Cosa rischia la Cina, cosa rischiano il resto del mondo e l’economia globale, per effetto dell’epidemia del coronavirus? Nella migliore delle ipotesi fra tre mesi saremo fuori dal tunnel e il bilancio dei danni sarà stato contenuto in termini ragionevoli. Come nel caso della Sars, 17 anni fa. Nella peggiore delle ipotesi… In realtà nessuno può formulare la peggiore delle ipotesi, perché ogni epidemia è un caso a parte. Tuttavia abbiamo dei precedenti storici su cui ragionare. Il più apocalittico, che cito solo come una «curiosità» storica, è la cosiddetta influenza spagnola che nel 1918-19 fece 50 milioni di morti, un’ecatombe molto superiore alle vittime della Prima guerra mondiale.
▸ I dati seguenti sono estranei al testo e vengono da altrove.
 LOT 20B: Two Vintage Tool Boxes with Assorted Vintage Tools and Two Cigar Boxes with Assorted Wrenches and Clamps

Altri tempi, in cui la medicina non aveva gli strumenti di oggi.
Un paragone vale, però. La spagnola si chiama così non perché sia nata in Spagna, né perché abbia infierito con particolare violenza su quel Paese. In realtà l’epidemia scoppiò altrove e fece più vittime in altri paesi, dalla Francia agli Stati Uniti. Ma a causa della guerra tutti avevano leggi speciali per censurare la stampa e nascosero a lungo il flagello dell’influenza virale. Che divenne di dominio pubblico solo quando ne morì il re di Spagna, Alfonso XIII. La Spagna era neutrale e da lì cominciarono a diffondersi le informazioni.
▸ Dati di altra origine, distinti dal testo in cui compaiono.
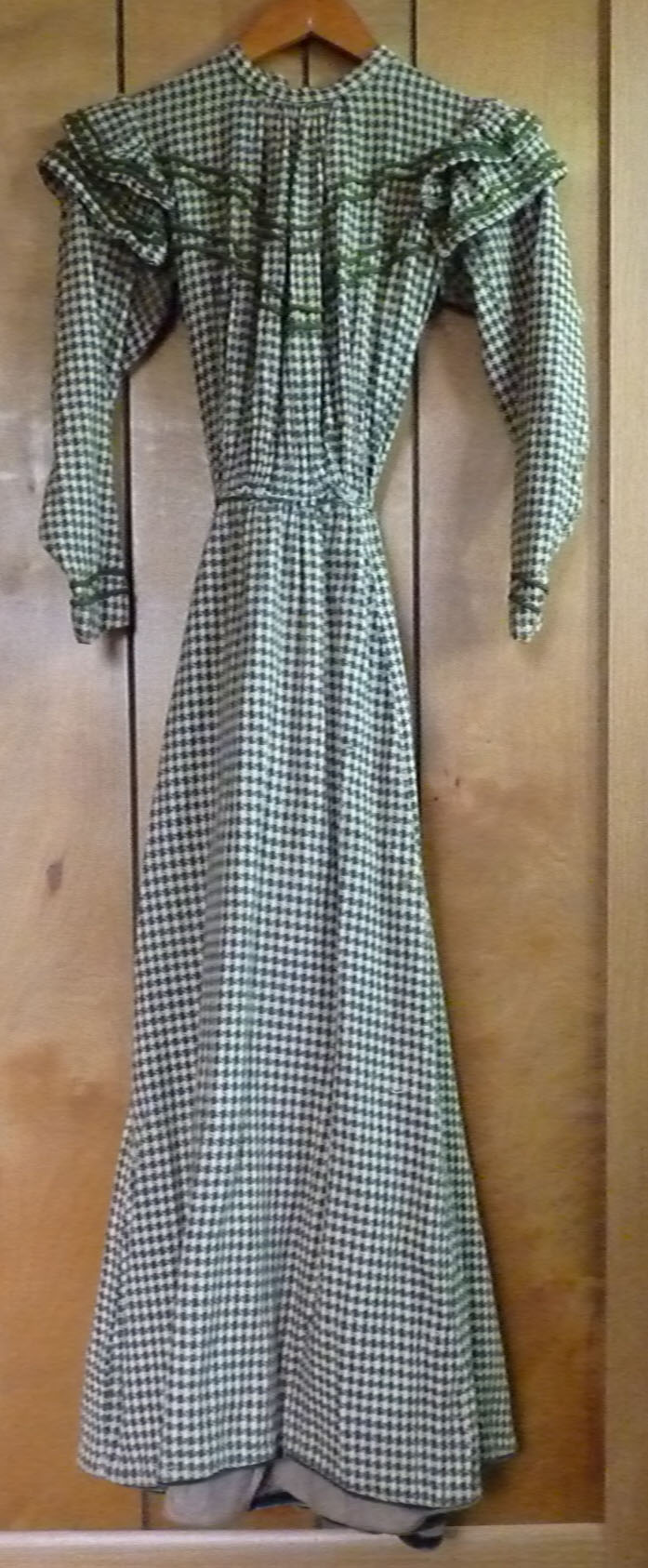 The waist on the dress looks droopy, but when you pull the extra fabric up to waist level, the bodice takes on that “pigeon breast” look that was popular about 1900, so that is my guess on its date.

Questo ci ricorda un punto debole nella risposta cinese: com’era accaduto nel 2003 con la Sars, anche stavolta nella Repubblica Popolare le notizie sul coronavirus sono state nascoste. Nel 2003 ci fu una censura che fece ritardare i provvedimenti sanitari di ben tre mesi, questa volta forse il ritardo è stato «solo» di un mese. Ma tutto ciò che sta facendo Xi Jinping viene visto con sospetto da una popolazione abituata a ricevere notizie manipolate dalla propaganda di regime.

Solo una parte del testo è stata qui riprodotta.